Ain\'t nature wonderful (Introduction)

by David Turell @, Friday, August 20, 2010, 02:17 (5209 days ago) @ xeno6696


> David--as I've mentioned before I don't see AT ALL how what I'm saying here isn't accepted paradigm! How is epigenetics any different from natural selection, when as I observed previously--the filter that IS natural selection is the ultimate arbiter of what gets to stay??? And I fail to see how a designer explains this any better! Help me out here!-
My theory that is being born out as the research continues to reveal is that the rapid changes of adaptation appear to start in very early organisms, the Archaia.
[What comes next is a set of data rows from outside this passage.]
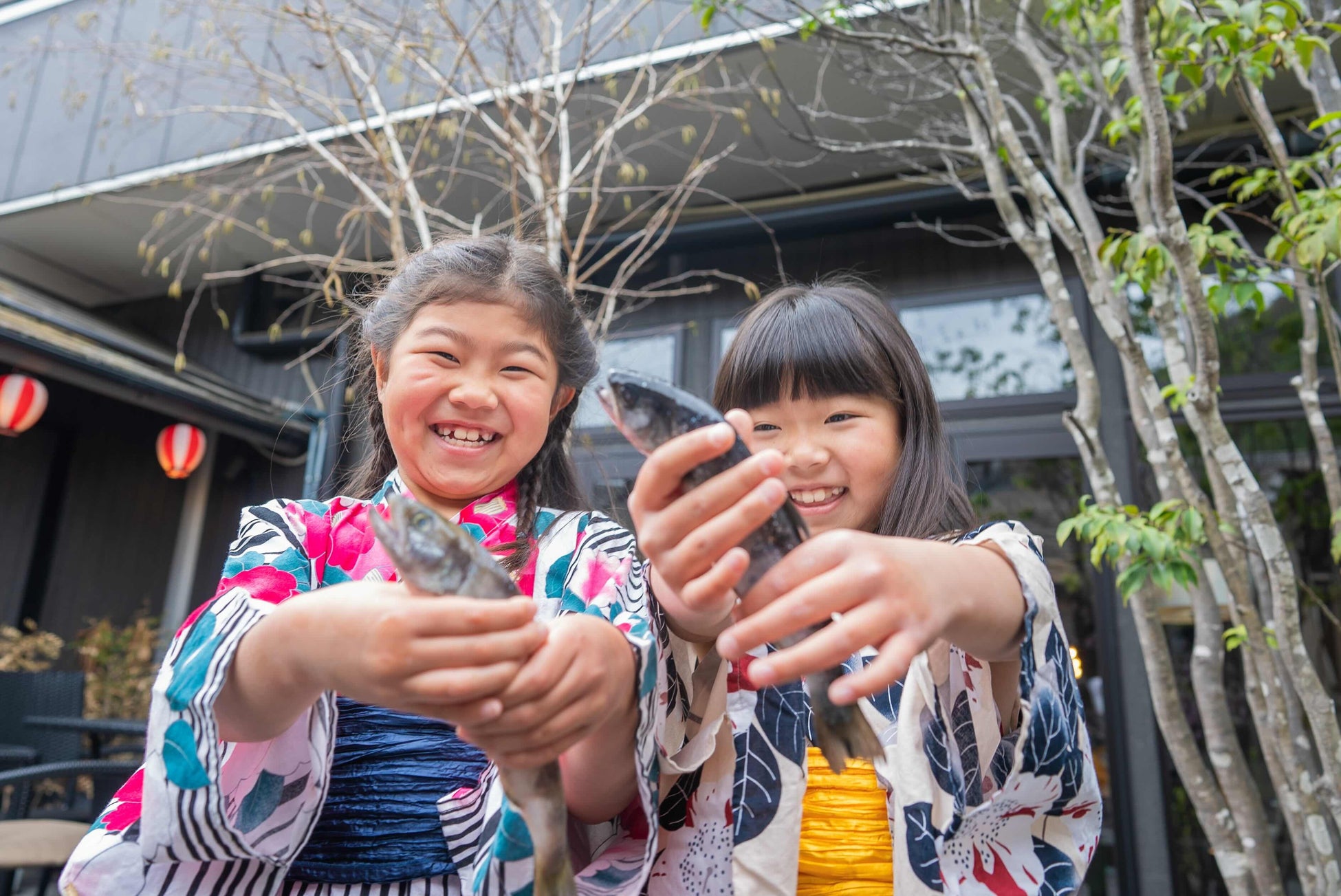 ニジマス、もろこを制限時間内に何匹取れるかチャレンジ! 大きな魚ではないのでお子さまもチャレンジできます。つかまえた魚は唐揚げにしてお召し上がりいただくことも可能です。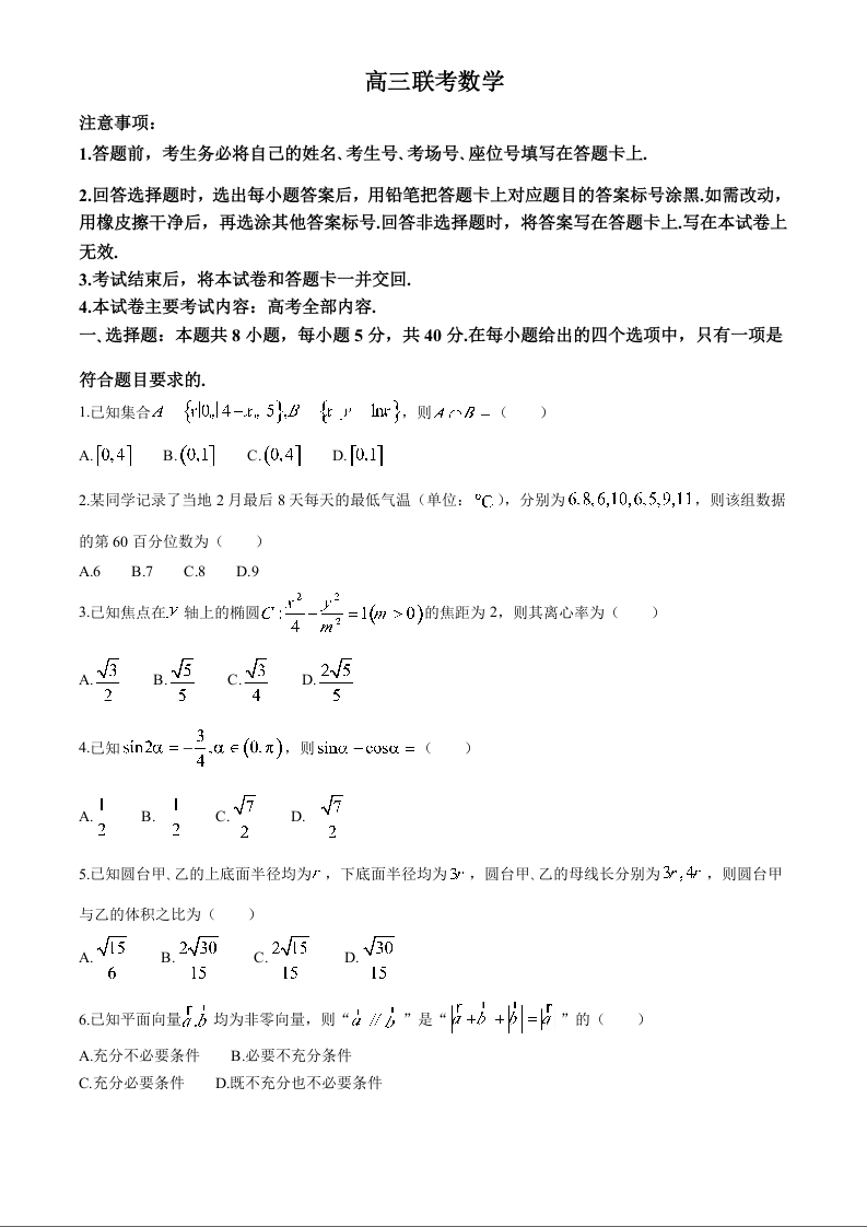 贵州省部分高中2025届高三上学期10月联考数学试题+答案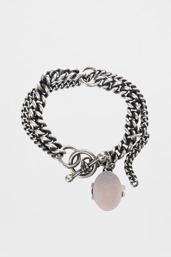 Odessa Photo Memory Bracelet – Antique Silver – Large And Medium Link Chains – Toggle Clasp Closure – Mirror Plaque – 100% Silver – Made in Italy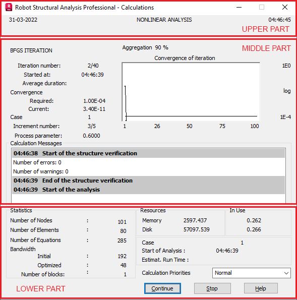- The middle section depends on the selected analysis type and a solver (chosen in the Job preferences dialog from the Structural Analysis tab). This section displays information regarding individual stages of structure calculations and indicates the current analysis stage.
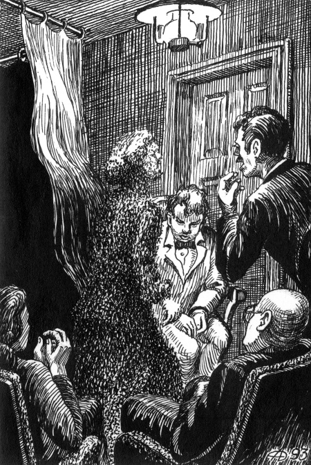Сказано – сделано. Понемногу комната осветилась. Медиум лежал, откинувшись в кресле, лицо его было бледным, на лбу выступил пот. Жена суетилась вокруг него, расстегивая воротничок и смачивая водой лицо. Гости, разбившись на группы, обсуждали увиденное.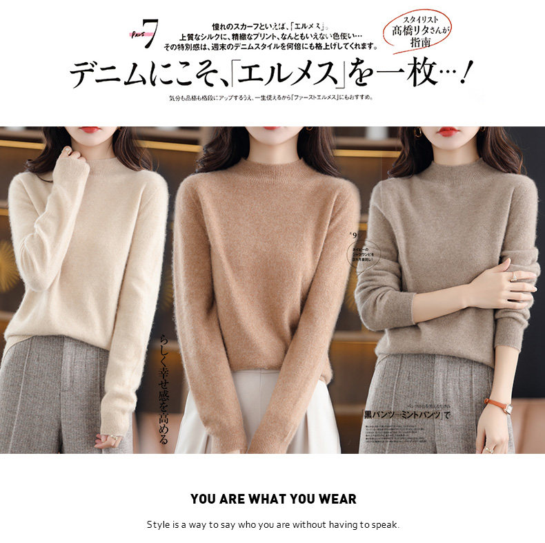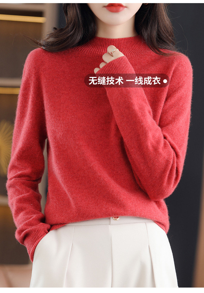恒源祥無縫半高領100純羊毛衫女2025冬內搭打底衫純色百搭羊絨衫

Not waiting for a chance mutation to help, the genome forges forward and then you are correct, the best organism wins under natural selection. Natural selection culls out passively, because it can only cull whatever is presented to it. Yes, it is an active process when it is at work.-If Archaia have these adaptive processes from the beginning, then these rapid adaptation mechanisms drive evolution forward to the more and more complex forms. We weren't there 3.6 mya when life happened, (that's another design issue we haven't settled), but presuming Archaia haven't changed much, epigenetics was there from the beginning. And I believe by design. Life appeared spontaneously by accident and knew from the beginning it needed rapid adaptation? Not likely.